→ **WORK TO COMPLETE**
Lines from the one containing "A5 fabric covered" through the last line of the data are to be returned exactly, both ends included, minus any pictures.

→ **RECORDED INFORMATION**
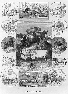 The Oryx, or Gemsbok, is a middle-sized species, dwelling in the same neighbourhood with the gnus. It is a heavy, stout animal, with a long bunch tail, and a pair of tapering slender horns, almost perfectly straight, and sweeping back towards the shoulders. It is truly a creature of the open desert plains; and can go for a long time without water. It is bold and dangerous—especially when wounded—and will give battle to the hunter even, it is said, when that hunter chances to be the lion himself!
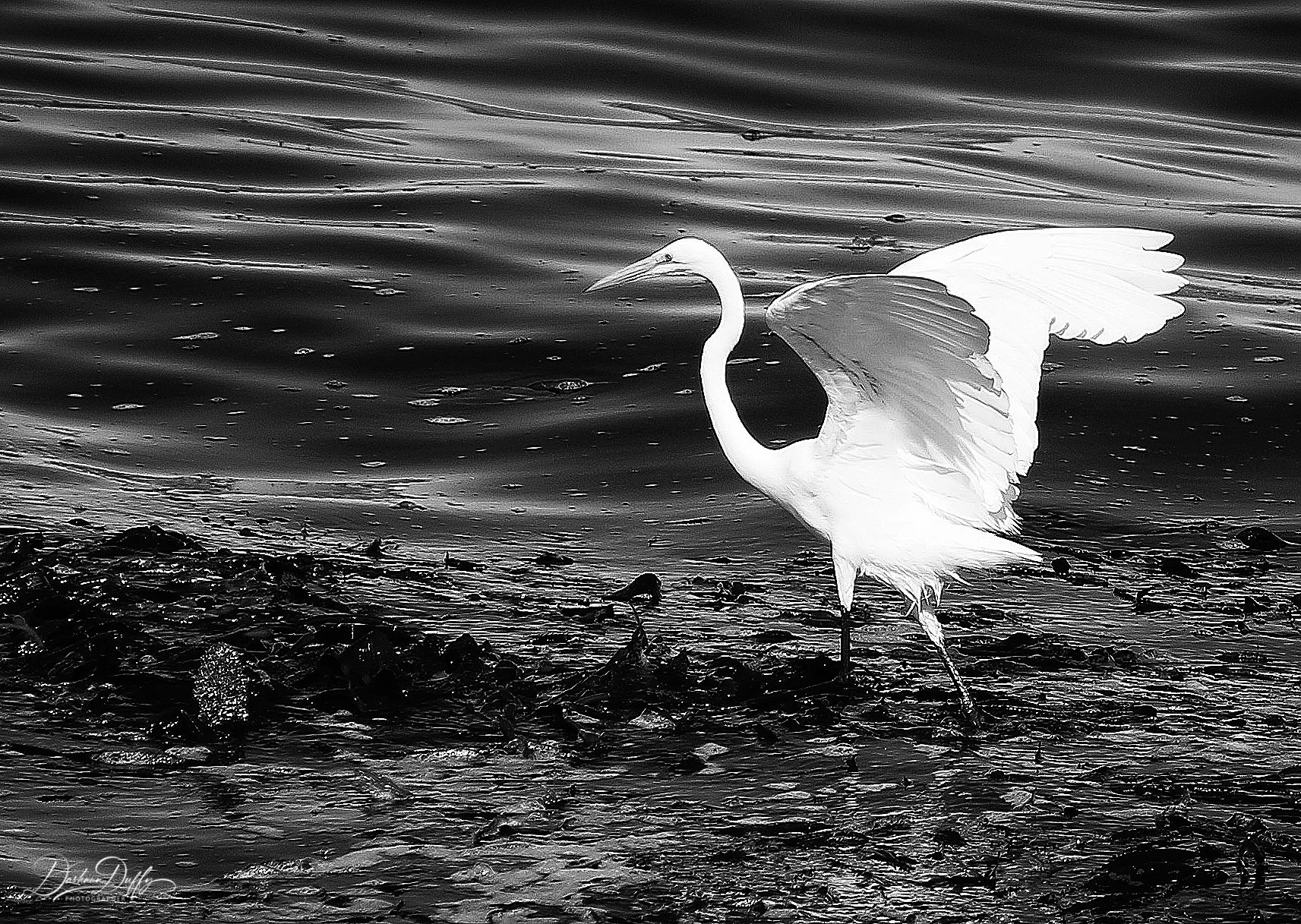 HERON ON WATER B&W
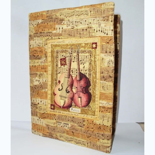 A5 fabric covered diary. The fabric shows a musical theme, with an applique musical panel on, which has been quilted to enhance the effect.
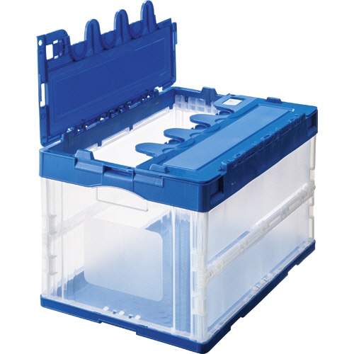 TANOSEE 折りたたみコンテナ フタ一体型 50L ダークブルー/透明 1台

→ **ANSWER AREA**
 A5 fabric covered diary. The fabric shows a musical theme, with an applique musical panel on, which has been quilted to enhance the effect.
 TANOSEE 折りたたみコンテナ フタ一体型 50L ダークブルー/透明 1台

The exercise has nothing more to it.